Nothing but the images should be left out when the entries are restated word for word.

Saved data entries
################
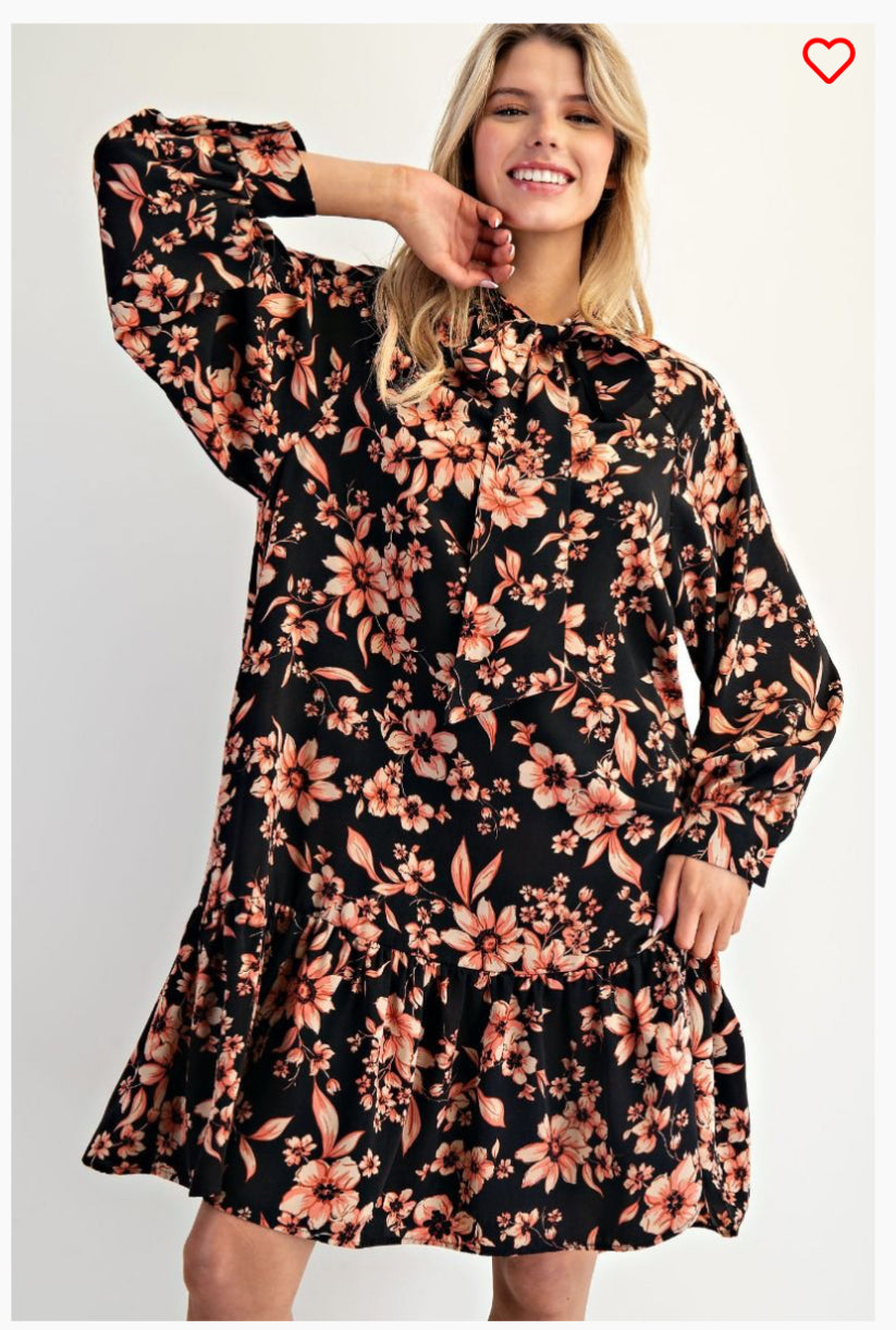 Easel Mock Tie Printed Ruffle Bottom Dress
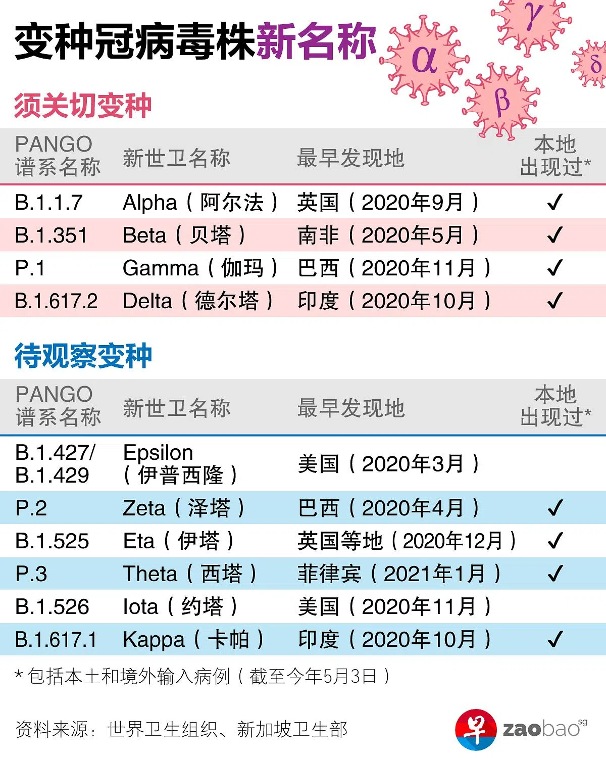 (早报讯)世界卫生组织(WHO)宣布,从现在开始,最早在一些国家发现的变种冠病病毒将改用希腊字母命名,这是为避免对相关国家造成污名化。
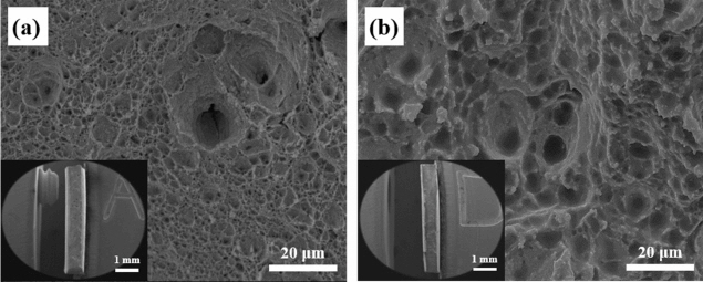 SEM images showing the fracture surfaces of steel B after SSRT tests: (a) in air,
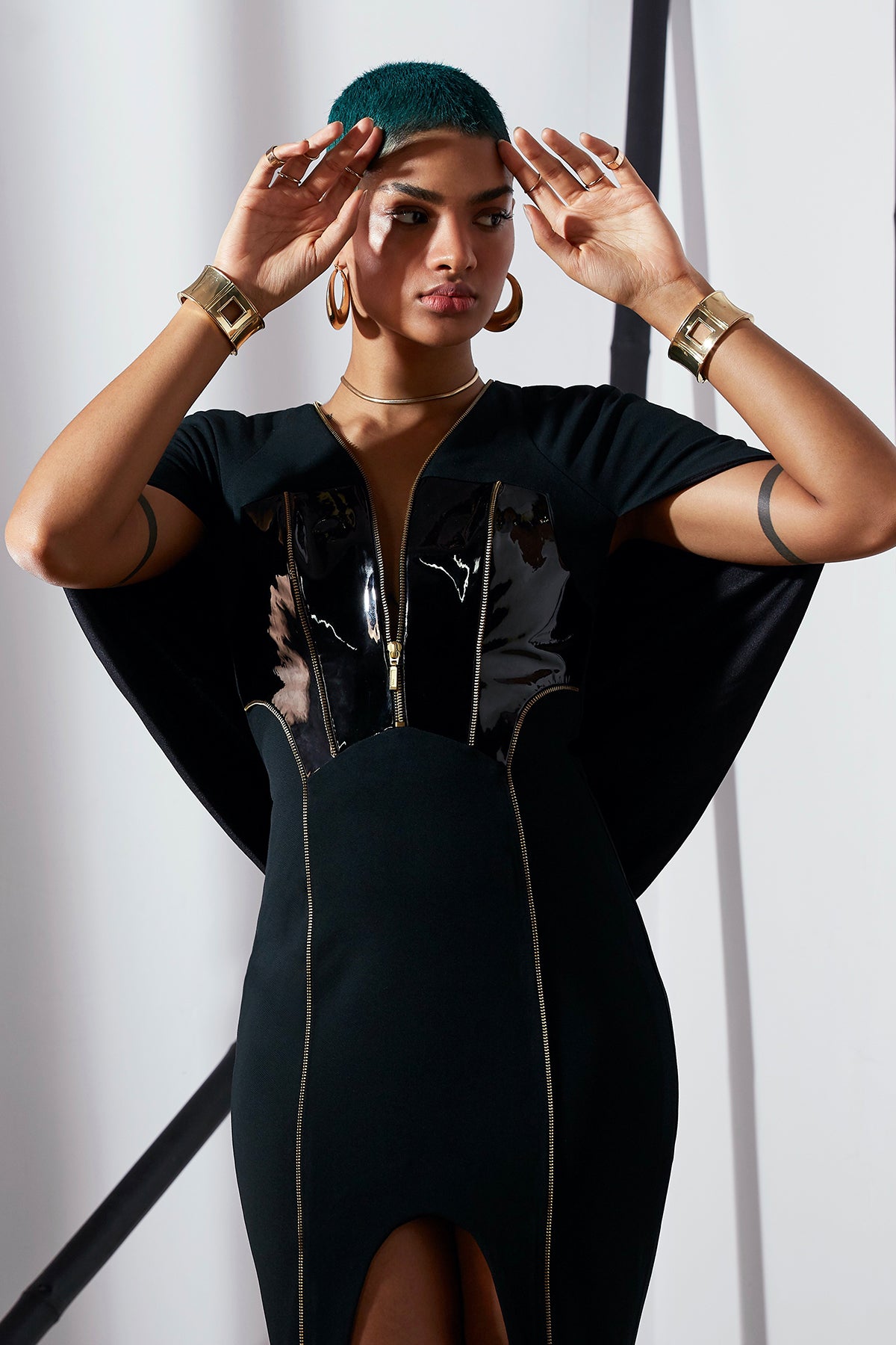 A cape-sleeve gown in stretch neoprene-twill, with faux-leather harness detail intertwined with signature gold hardware.
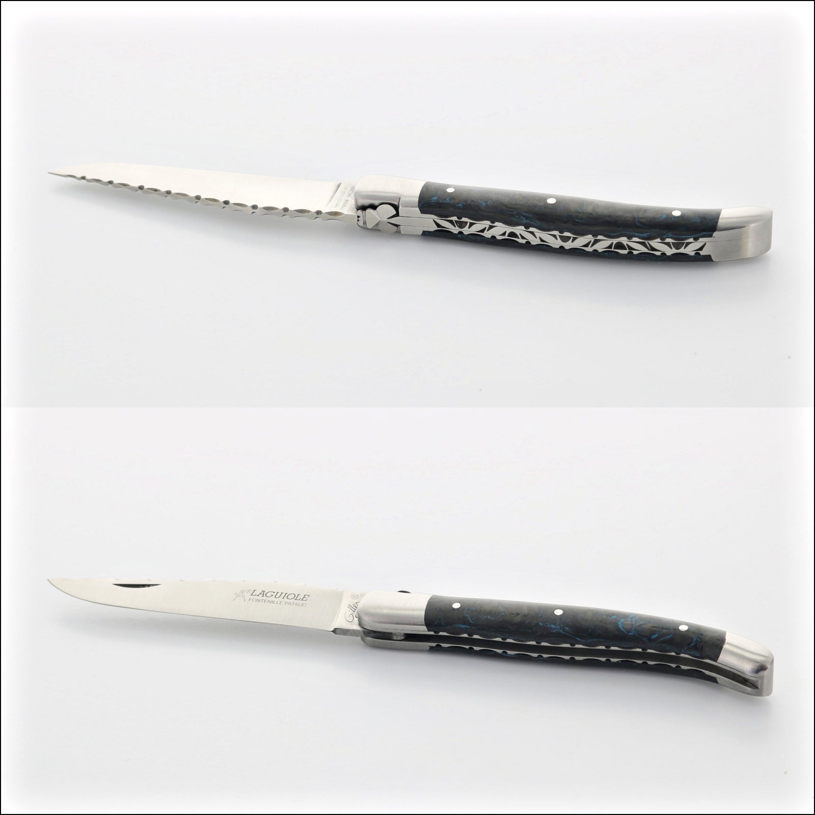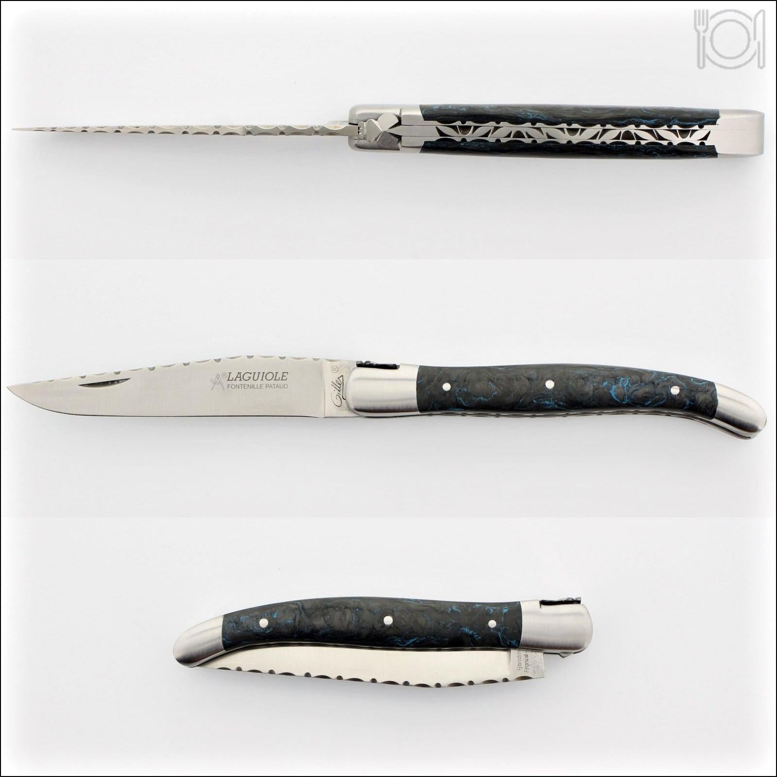 Laguiole Traditional Knife 12 cm Guilloche Blue Dark Matter
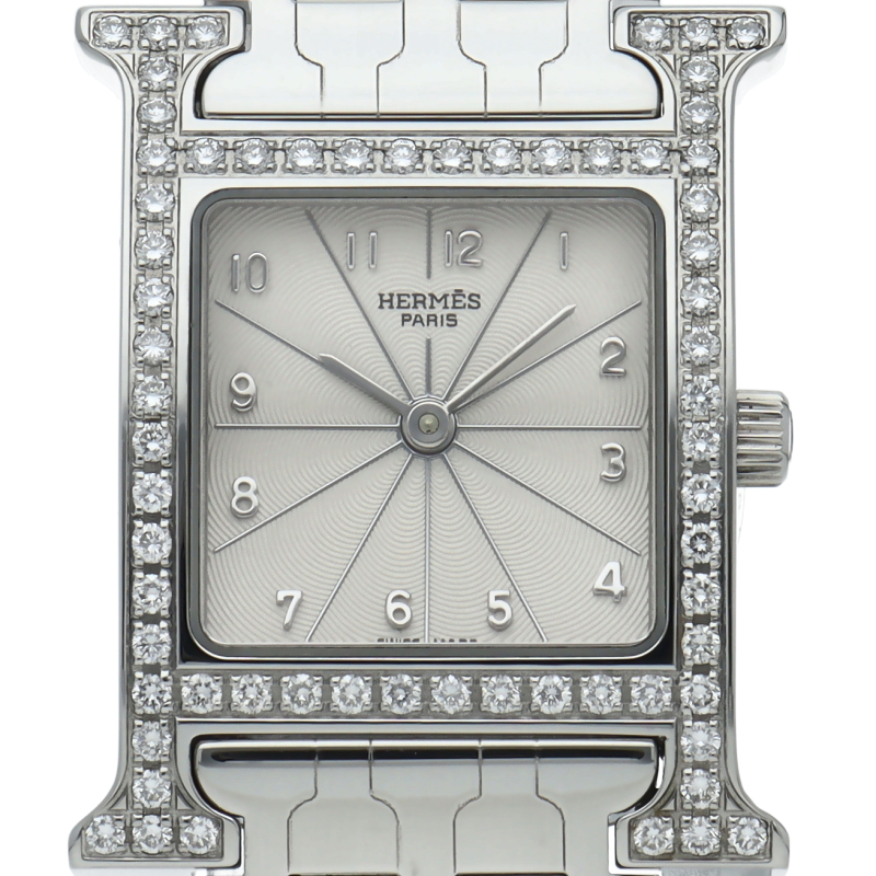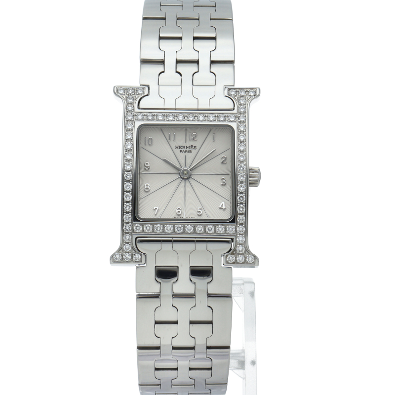 一目でエルメスとわかる「H」のアルファベットをケースにあしらったデザインです。ベゼルの「H」部分にダイヤモンドを使い、高級感漂う一品となっています。
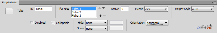 En realidad, son muy similares a las de Accordion: Paneles permite aumentar o disminuir el número de fichas, así como reorganizarlas. Active permite establecer la ficha activa. Event determina si funciona con un clic o pasando el cursor sobre la ficha para que muestre su contenido. Height Style determina cómo debe ajustar su tamaño de acuerdo a su contenido. Las casilla Disabled desactiva su funcionamiento. Hide y Show permiten configurar la animación con la que va a aparecer u ocultarse el contenido de cada ficha y el tiempo de cada efecto.
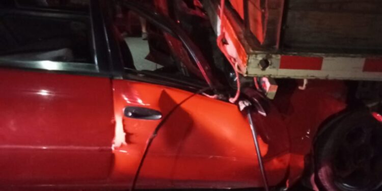 Un fuerte accidente de tránsito se registró en la noche del domingo 9 de febrero en la salida de Riohacha hacia el municipio de Maicao, cuando un automóvil rojo colisionó por la parte trasera de un camión 350 que se desplazaba en el mismo sentido.
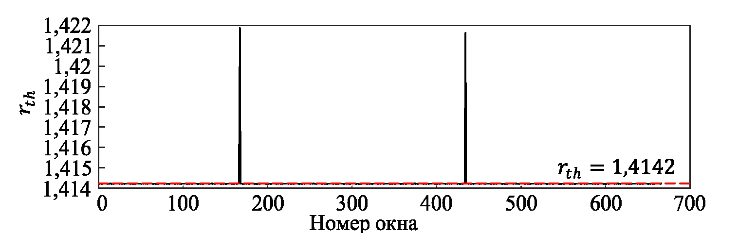 Шаг 4: Вычисление порога. Максимальная ошибка реконструкции rth=maxkrk, полученная при обучении, является порогом срабатывания для обнаружения АКФ, непохожих на нормальные.
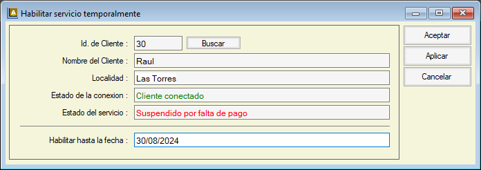 Para el caso de servicios suspendidos por falta de pago, ademas de las opciones del servicio asignado o la interrupción definitiva, podrá optar por la opción de habilitar el servicio temporalmente sin necesidad de habilitaciones complejas, y llevar un registro de dichas habilitaciones para saber si es un cliente recurrente.
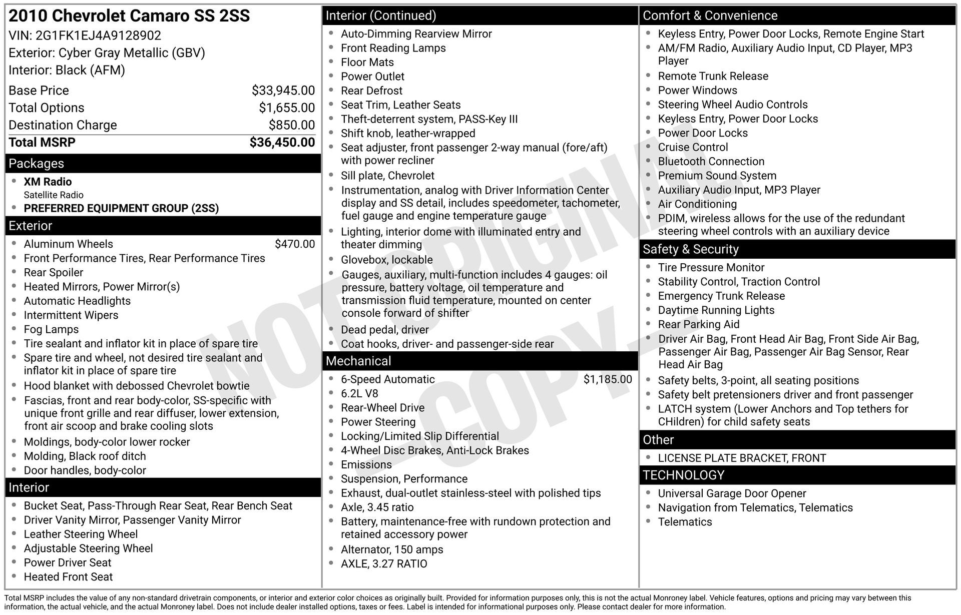 6.2L V8 SFI, 2 Front Cup Holders, 3-Spoke Leather-Wrapped Steering Wheel, 4-Wheel Antilock 4-Wheel Disc Brakes, Alloy wheels, Analog Instrumentation, Audio System Feature USB Port, Bluetooth® For Phone, Boston Acoustics Premium 9-Speaker Audio System, Brake assist, Cargo Convenience Net, Carpeted Front Floor Mats, Electric Rear-Window Defogger, Electronic Cruise Control, Gauges, Heated door mirrors, Heated Driver & Front Passenger Seats, Inside Rearview Autodimming Mirror, LATCH System, Leather Shift Knob, Leather-Appointed Seat Trim, Leather-Wrapped Shift Knob, Maintenance-Free Battery, Manual Rake & Telescopic Steering Column, OnStar 1-Year Directions & Connections Plan, Power Programmable Door Locks, Preferred Equipment Group 2SS, Rear Parking Sensors, Rear window defroster, Remote Keyless Entry, Remote Vehicle Starter System, Spoiler, StabiliTrak, Stainless-Steel Dual-Outlet Exhaust, Steering Wheel Mounted Audio Controls, Steering wheel mounted audio controls, Universal Home Remote, Wireless PDIM, XM Radio. Cyber Gray Metallic 2010 Chevrolet Camaro SS 2SS RWD 6-Speed Automatic with TapShift 6.2L V8 SFI
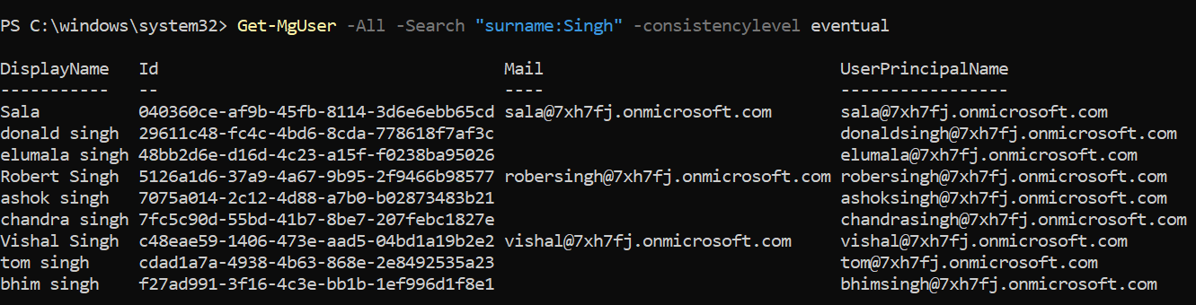 Get-MgUser -All -Search "surname:Singh" -ConsistencyLevel eventual
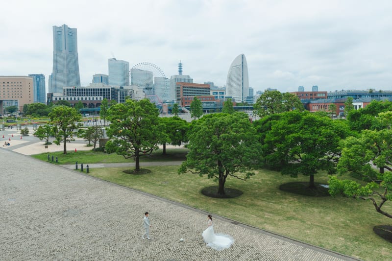 少し遠くから撮らせていただき、みなとみらいらしい背景と一緒に撮影させていただきました!
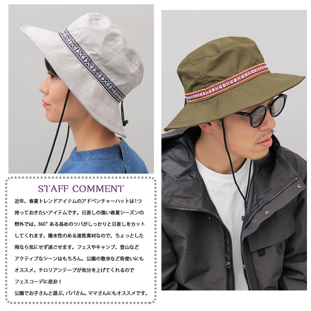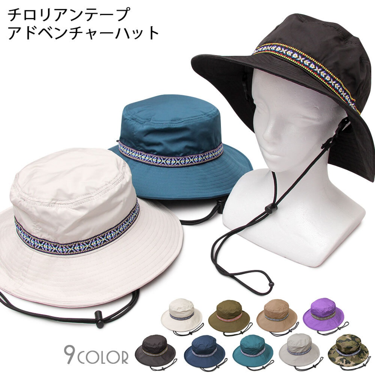 日除けに適した360度の長めのツバ、フィット感を調節できるあご紐、速乾性に優れたポリエステル素材など、春夏シーズンのマストアイテム“アドベンチャーハット(サファリハット)”。表面に撥水加工を施したポリエステル生地は、水をかけても玉になりしっかり水を弾いてくれて、汚れにくいのもポイント。クラウン部分に巻いたチロリアンテープがアクセント。手軽にアウトドアテイストを楽しめます。フェス!遊びに!アウトドアに!春夏のアクティブシーンオススメ。
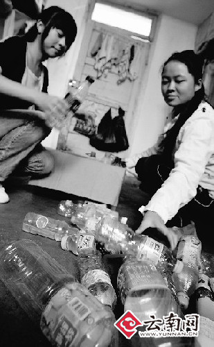近日,記者路過昆明學(xué)院醫(yī)學(xué)院(原昆明市衛(wèi)生學(xué)校)時(shí),遇見三五成群的學(xué)生把廢棄的飲料瓶拿繩子拴著抬著走出校門,一打聽才知道原來是學(xué)生們撿飲料瓶賣后換成錢當(dāng)班費(fèi)。學(xué)校黨委副書記曹全科昨天告訴記者:“這種做法是10年前就開始養(yǎng)成的,如今學(xué)生撿飲料瓶攢班費(fèi)在學(xué)校里蔚然成風(fēng),全校28個(gè)班級的2000多名大學(xué)生都自覺撿瓶子、賣瓶子,錢拿來當(dāng)做班費(fèi)。”
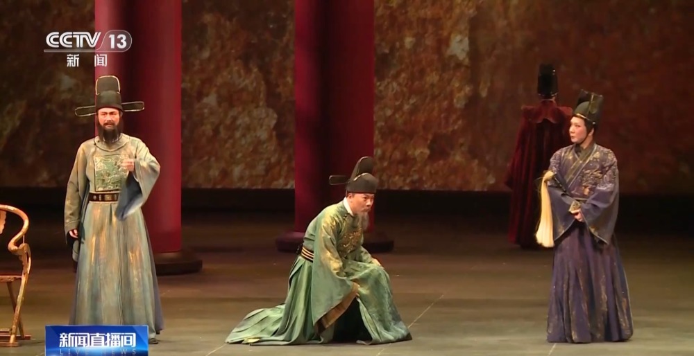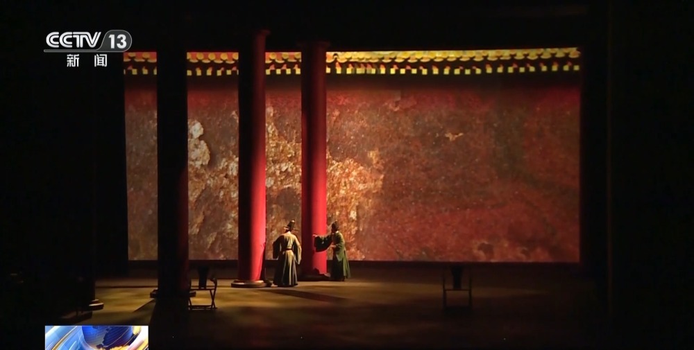 舞台上,靈感來自故宮大殿的八根紅色立柱構建起整個(ge) 表演空間,配合多媒體(ti) 的數字影像,營造出極具東(dong) 方審美意境的戲劇空間。兼具厚重與(yu) 靈動,讓曆史劇更具當代審美。
################
TASK RESULT -
 Easel Mock Tie Printed Ruffle Bottom Dress
 (早报讯)世界卫生组织(WHO)宣布,从现在开始,最早在一些国家发现的变种冠病病毒将改用希腊字母命名,这是为避免对相关国家造成污名化。
 SEM images showing the fracture surfaces of steel B after SSRT tests: (a) in air,
 A cape-sleeve gown in stretch neoprene-twill, with faux-leather harness detail intertwined with signature gold hardware.
 Laguiole Traditional Knife 12 cm Guilloche Blue Dark Matter
 一目でエルメスとわかる「H」のアルファベットをケースにあしらったデザインです。ベゼルの「H」部分にダイヤモンドを使い、高級感漂う一品となっています。
 En realidad, son muy similares a las de Accordion: Paneles permite aumentar o disminuir el número de fichas, así como reorganizarlas. Active permite establecer la ficha activa. Event determina si funciona con un clic o pasando el cursor sobre la ficha para que muestre su contenido. Height Style determina cómo debe ajustar su tamaño de acuerdo a su contenido. Las casilla Disabled desactiva su funcionamiento. Hide y Show permiten configurar la animación con la que va a aparecer u ocultarse el contenido de cada ficha y el tiempo de cada efecto.
 Un fuerte accidente de tránsito se registró en la noche del domingo 9 de febrero en la salida de Riohacha hacia el municipio de Maicao, cuando un automóvil rojo colisionó por la parte trasera de un camión 350 que se desplazaba en el mismo sentido.
 Шаг 4: Вычисление порога. Максимальная ошибка реконструкции rth=maxkrk, полученная при обучении, является порогом срабатывания для обнаружения АКФ, непохожих на нормальные.
 Para el caso de servicios suspendidos por falta de pago, ademas de las opciones del servicio asignado o la interrupción definitiva, podrá optar por la opción de habilitar el servicio temporalmente sin necesidad de habilitaciones complejas, y llevar un registro de dichas habilitaciones para saber si es un cliente recurrente.
 6.2L V8 SFI, 2 Front Cup Holders, 3-Spoke Leather-Wrapped Steering Wheel, 4-Wheel Antilock 4-Wheel Disc Brakes, Alloy wheels, Analog Instrumentation, Audio System Feature USB Port, Bluetooth® For Phone, Boston Acoustics Premium 9-Speaker Audio System, Brake assist, Cargo Convenience Net, Carpeted Front Floor Mats, Electric Rear-Window Defogger, Electronic Cruise Control, Gauges, Heated door mirrors, Heated Driver & Front Passenger Seats, Inside Rearview Autodimming Mirror, LATCH System, Leather Shift Knob, Leather-Appointed Seat Trim, Leather-Wrapped Shift Knob, Maintenance-Free Battery, Manual Rake & Telescopic Steering Column, OnStar 1-Year Directions & Connections Plan, Power Programmable Door Locks, Preferred Equipment Group 2SS, Rear Parking Sensors, Rear window defroster, Remote Keyless Entry, Remote Vehicle Starter System, Spoiler, StabiliTrak, Stainless-Steel Dual-Outlet Exhaust, Steering Wheel Mounted Audio Controls, Steering wheel mounted audio controls, Universal Home Remote, Wireless PDIM, XM Radio. Cyber Gray Metallic 2010 Chevrolet Camaro SS 2SS RWD 6-Speed Automatic with TapShift 6.2L V8 SFI
 Get-MgUser -All -Search "surname:Singh" -ConsistencyLevel eventual
 少し遠くから撮らせていただき、みなとみらいらしい背景と一緒に撮影させていただきました!
 日除けに適した360度の長めのツバ、フィット感を調節できるあご紐、速乾性に優れたポリエステル素材など、春夏シーズンのマストアイテム“アドベンチャーハット(サファリハット)”。表面に撥水加工を施したポリエステル生地は、水をかけても玉になりしっかり水を弾いてくれて、汚れにくいのもポイント。クラウン部分に巻いたチロリアンテープがアクセント。手軽にアウトドアテイストを楽しめます。フェス!遊びに!アウトドアに!春夏のアクティブシーンオススメ。
近日,記者路過昆明學(xué)院醫(yī)學(xué)院(原昆明市衛(wèi)生學(xué)校)時(shí),遇見三五成群的學(xué)生把廢棄的飲料瓶拿繩子拴著抬著走出校門,一打聽才知道原來是學(xué)生們撿飲料瓶賣后換成錢當(dāng)班費(fèi)。學(xué)校黨委副書記曹全科昨天告訴記者:“這種做法是10年前就開始養(yǎng)成的,如今學(xué)生撿飲料瓶攢班費(fèi)在學(xué)校里蔚然成風(fēng),全校28個(gè)班級的2000多名大學(xué)生都自覺撿瓶子、賣瓶子,錢拿來當(dāng)做班費(fèi)。”
 舞台上,靈感來自故宮大殿的八根紅色立柱構建起整個(ge) 表演空間,配合多媒體(ti) 的數字影像,營造出極具東(dong) 方審美意境的戲劇空間。兼具厚重與(yu) 靈動,讓曆史劇更具當代審美。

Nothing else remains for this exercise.